Anthony M Gonzalez, MD, FACS, FASMBS, Christian Hernandez Mucia, MD, Pedro E Garcia Quintero, MD, Rey Romero, MD, Charan Donkor, MD, Jorge R Rabaza, MD, FACS, FASMBS. Baptist Health South Florida.
BACKGROUND: Sleeve Gastrectomy (SG) has been adopted as a stand-alone treatment for morbid obesity due its low morbidity and effectiveness that rivals Roux en-Y-Gastric Bypass (RYGB). Gastric Torsion (GT) after SG is a rare complication and poorly reported. The purpose of this video is to report three cases of GT after SG.
METHODS: Between 2008 and 2013, a total of 295 SG where performed at South Miami Hospital Weight Loss Surgery Program (Baptist Health South Florida); 3 female patients of one single surgeon (AMG) presented with GT after SG. In these three patients, the mean age was 52 years old, the mean body mass index 41.36 kg/m2 and the mean time between SG and GT diagnosis was 111 days. After appropriate testing preoperatively, which included image studies and upper endoscopy, patients were surgically treated (2 robotic and 1 laparoscopic). In every case, intraoperative findings showed GT secondary to adhesions between staple line and the liver, the treatment consisted in lysis of adhesions with or without gastropexy.
OUTCOMES: The recovery was uneventful for all patients, with no GT recurrences. One patient was converted to RYGB for weight loss failure 15 months after SG.

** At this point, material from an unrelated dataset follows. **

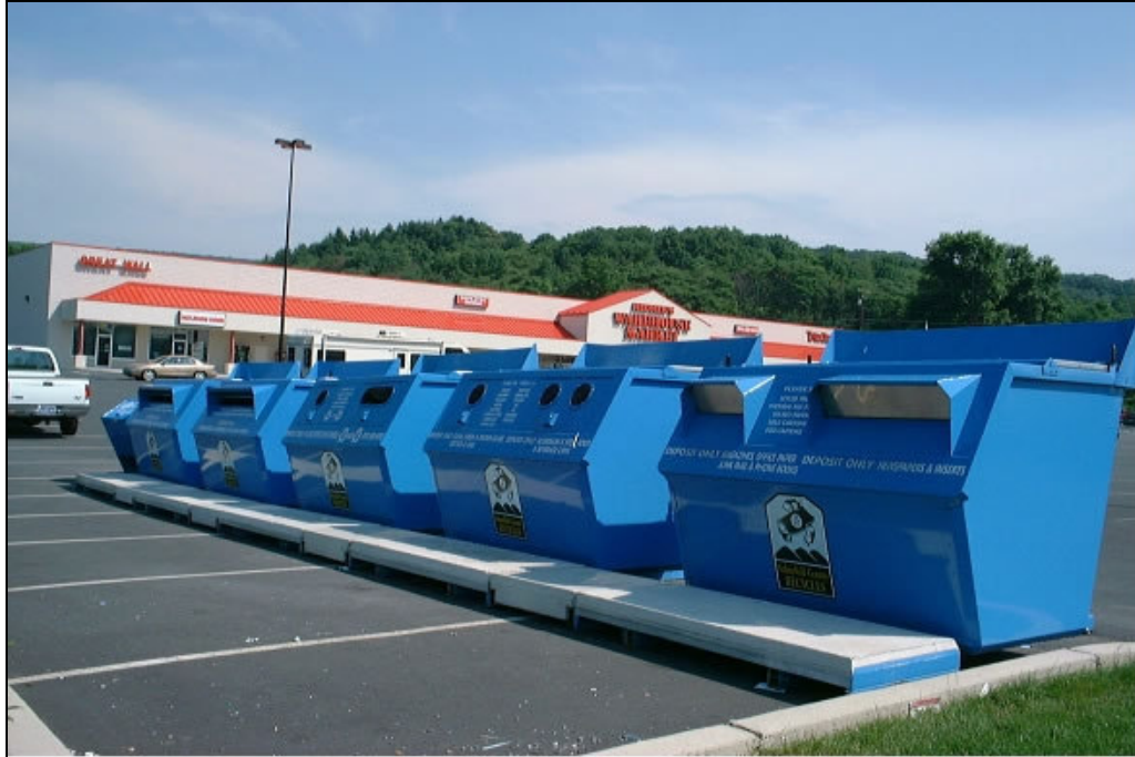
Figure 1 Haul All Depot System

As this Recycling Technical Assistance Program project concluded, the Crawford County SWA was facing financial sustainability problems due to a loss of funding to pay the cost of its drop-off program. The problems were serious and in February 2007 the Crawford County SWA announced that it would shutter its Haul All depot sites. The results of R. W. Beck's analysis of the Haul All depot option is still included in this report for reference sake, in the event that the Crawford County SWA is able to resume service using its Haul All depot equipment.

CONCLUSIONS: GT after SG for the treatment of morbid obesity is a rare complication. Endoscopy is the most useful preoperative test. The common finding noted in our cases was adhesions between the staple line and the liver, causing torsion of the sleeve. This complication can be treated safety (robotic or laparoscopic) by lysis of the adhesions with or without gastropexy.